Data extract
________

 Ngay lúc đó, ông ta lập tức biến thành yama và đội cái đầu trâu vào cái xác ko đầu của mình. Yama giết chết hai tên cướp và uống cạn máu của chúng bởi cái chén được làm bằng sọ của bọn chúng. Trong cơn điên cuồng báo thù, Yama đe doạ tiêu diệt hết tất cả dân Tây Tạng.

________

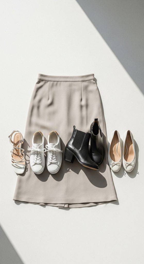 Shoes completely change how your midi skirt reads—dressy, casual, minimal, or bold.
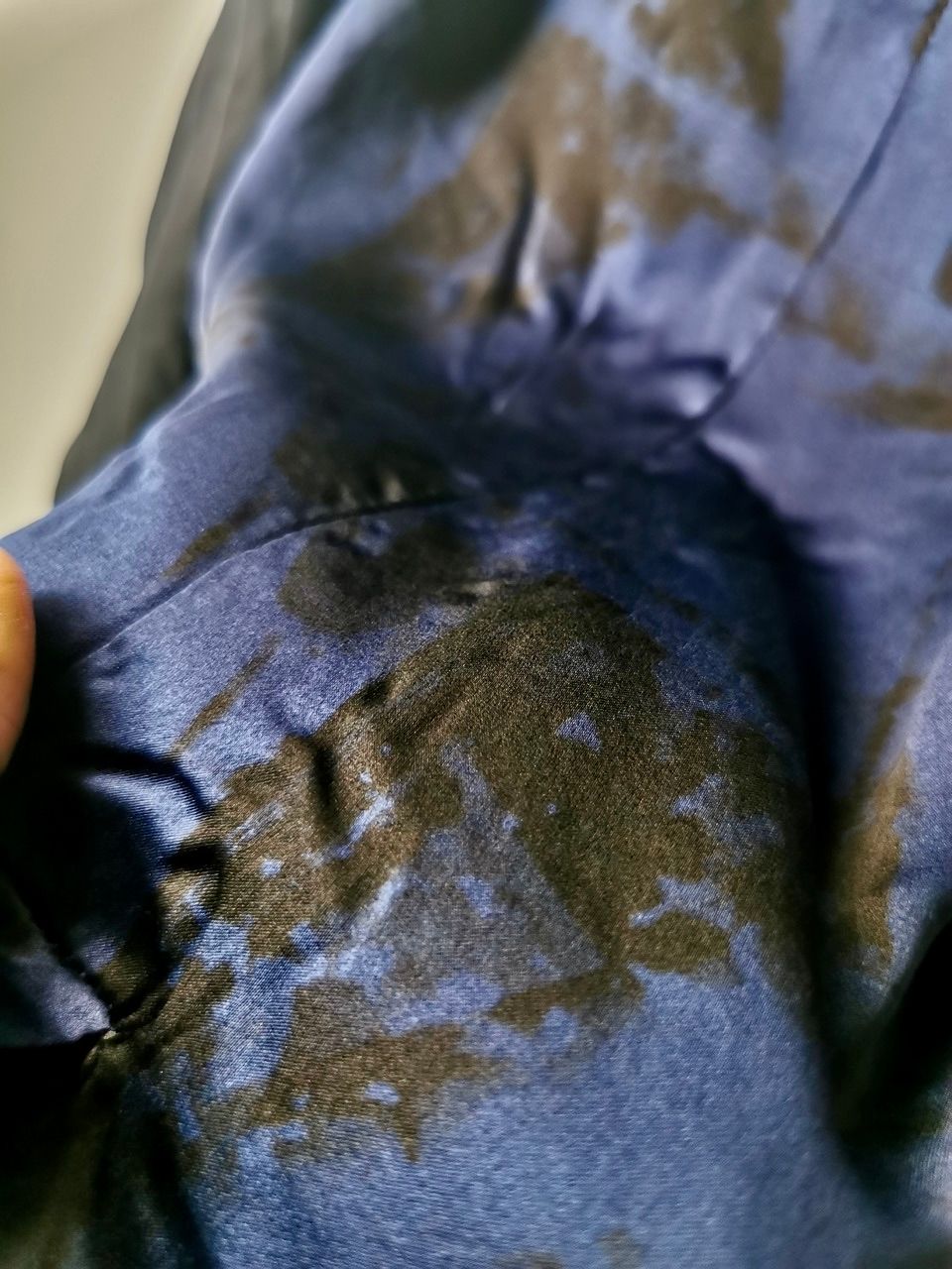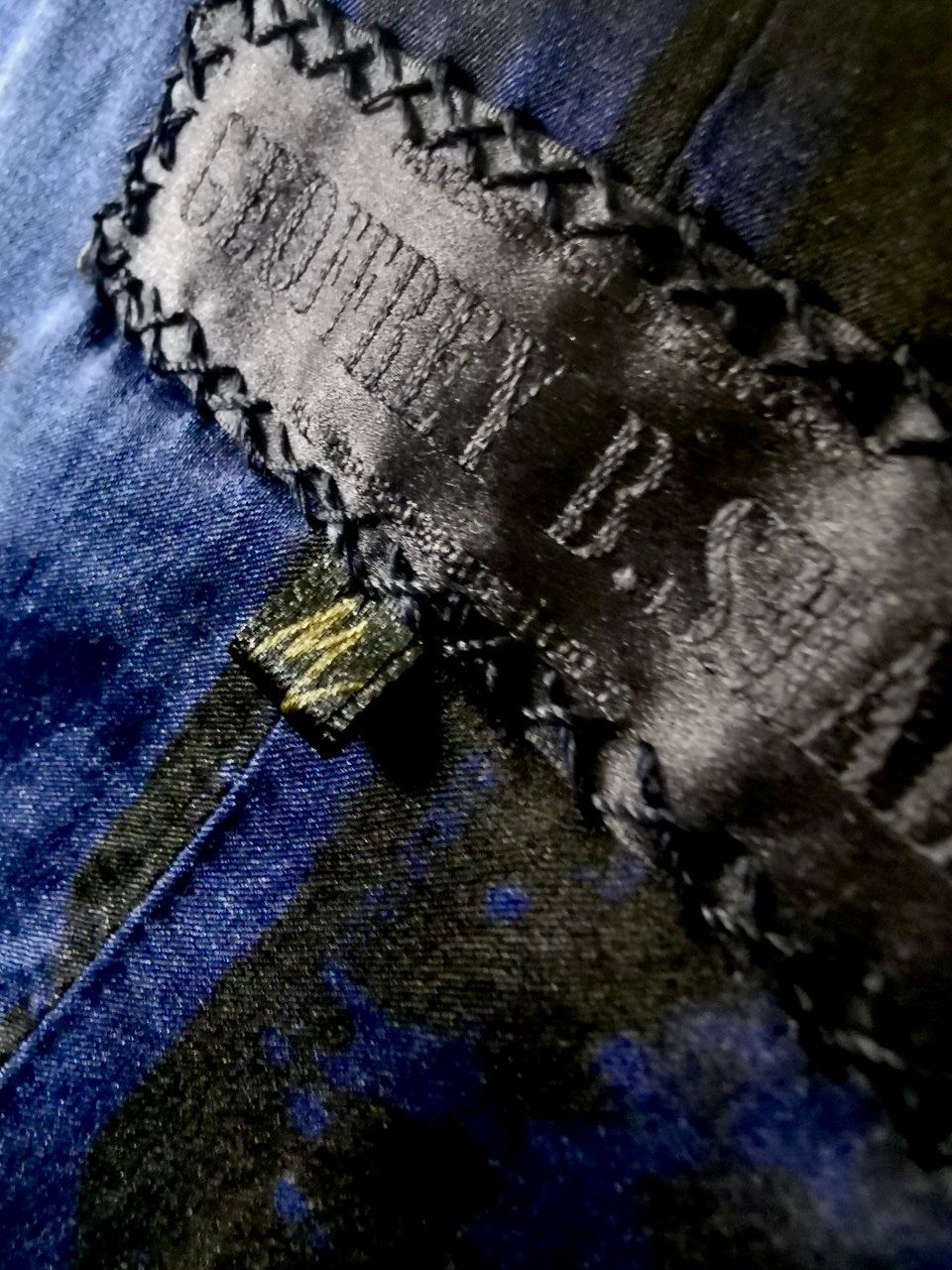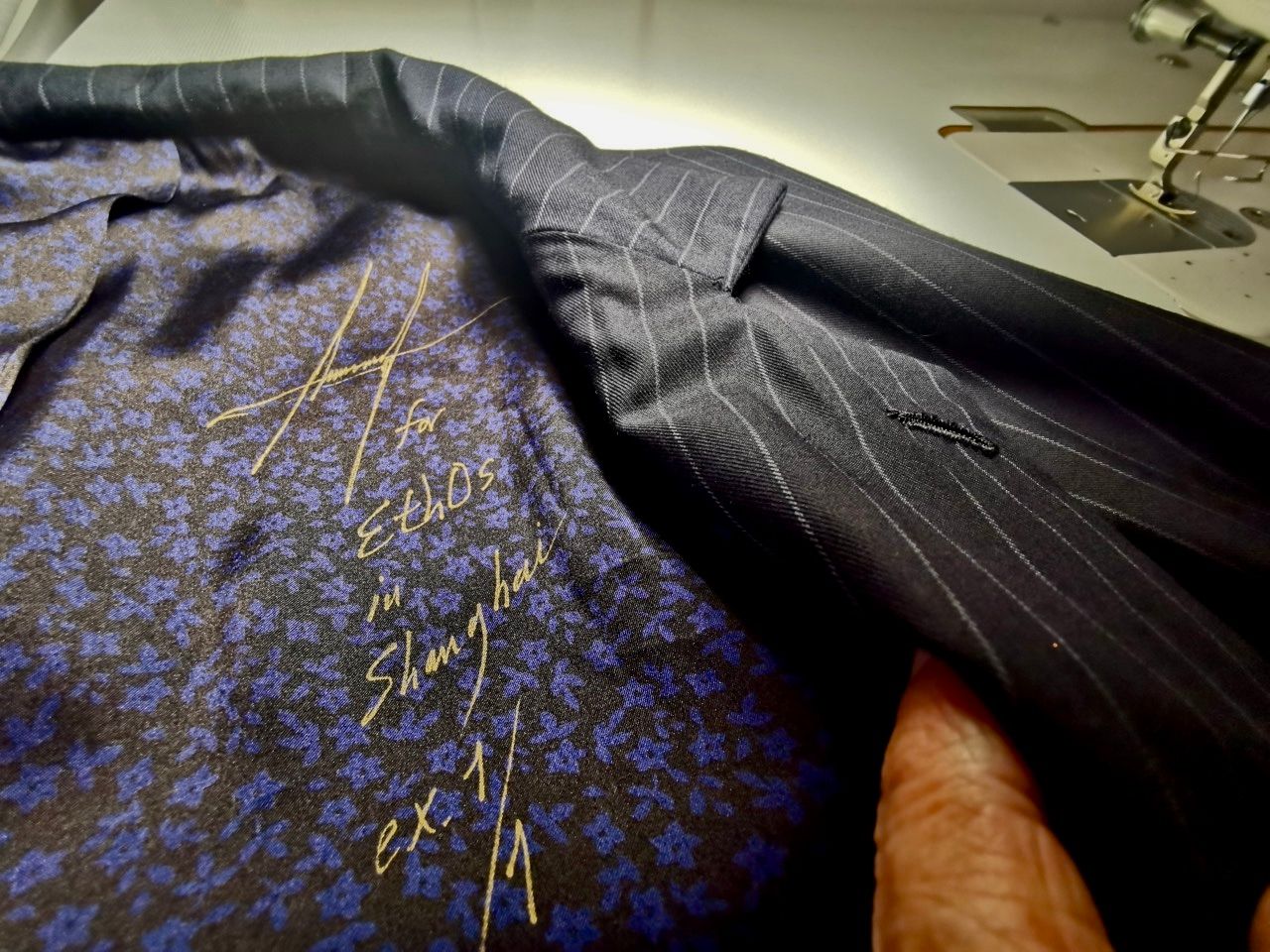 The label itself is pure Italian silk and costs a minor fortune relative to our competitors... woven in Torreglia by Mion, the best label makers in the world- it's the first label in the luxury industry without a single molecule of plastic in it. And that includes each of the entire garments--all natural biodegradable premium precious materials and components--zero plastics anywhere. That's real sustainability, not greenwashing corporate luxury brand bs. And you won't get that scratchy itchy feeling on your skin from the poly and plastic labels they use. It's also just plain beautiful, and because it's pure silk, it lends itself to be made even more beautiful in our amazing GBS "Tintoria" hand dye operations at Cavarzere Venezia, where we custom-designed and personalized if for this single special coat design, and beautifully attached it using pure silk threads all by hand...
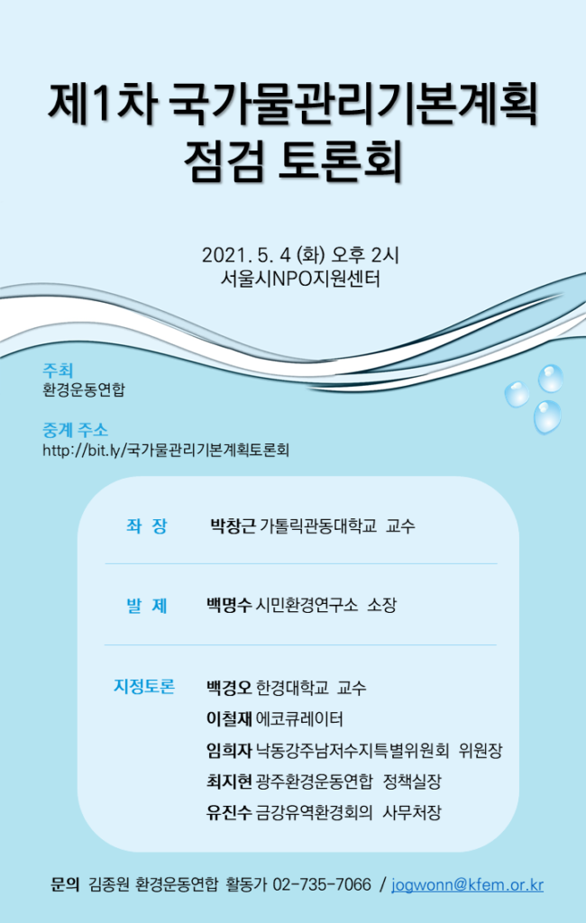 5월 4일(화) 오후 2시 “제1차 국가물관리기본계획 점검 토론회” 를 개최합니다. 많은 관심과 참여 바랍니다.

________

Task
Beginning with the line above that contains "The label itself" and finishing with the line that contains "5월 4일(화) 오후", print those lines exactly and only. Skip all pictures.

Solution to this problem
 The label itself is pure Italian silk and costs a minor fortune relative to our competitors... woven in Torreglia by Mion, the best label makers in the world- it's the first label in the luxury industry without a single molecule of plastic in it. And that includes each of the entire garments--all natural biodegradable premium precious materials and components--zero plastics anywhere. That's real sustainability, not greenwashing corporate luxury brand bs. And you won't get that scratchy itchy feeling on your skin from the poly and plastic labels they use. It's also just plain beautiful, and because it's pure silk, it lends itself to be made even more beautiful in our amazing GBS "Tintoria" hand dye operations at Cavarzere Venezia, where we custom-designed and personalized if for this single special coat design, and beautifully attached it using pure silk threads all by hand...
 5월 4일(화) 오후 2시 “제1차 국가물관리기본계획 점검 토론회” 를 개최합니다. 많은 관심과 참여 바랍니다.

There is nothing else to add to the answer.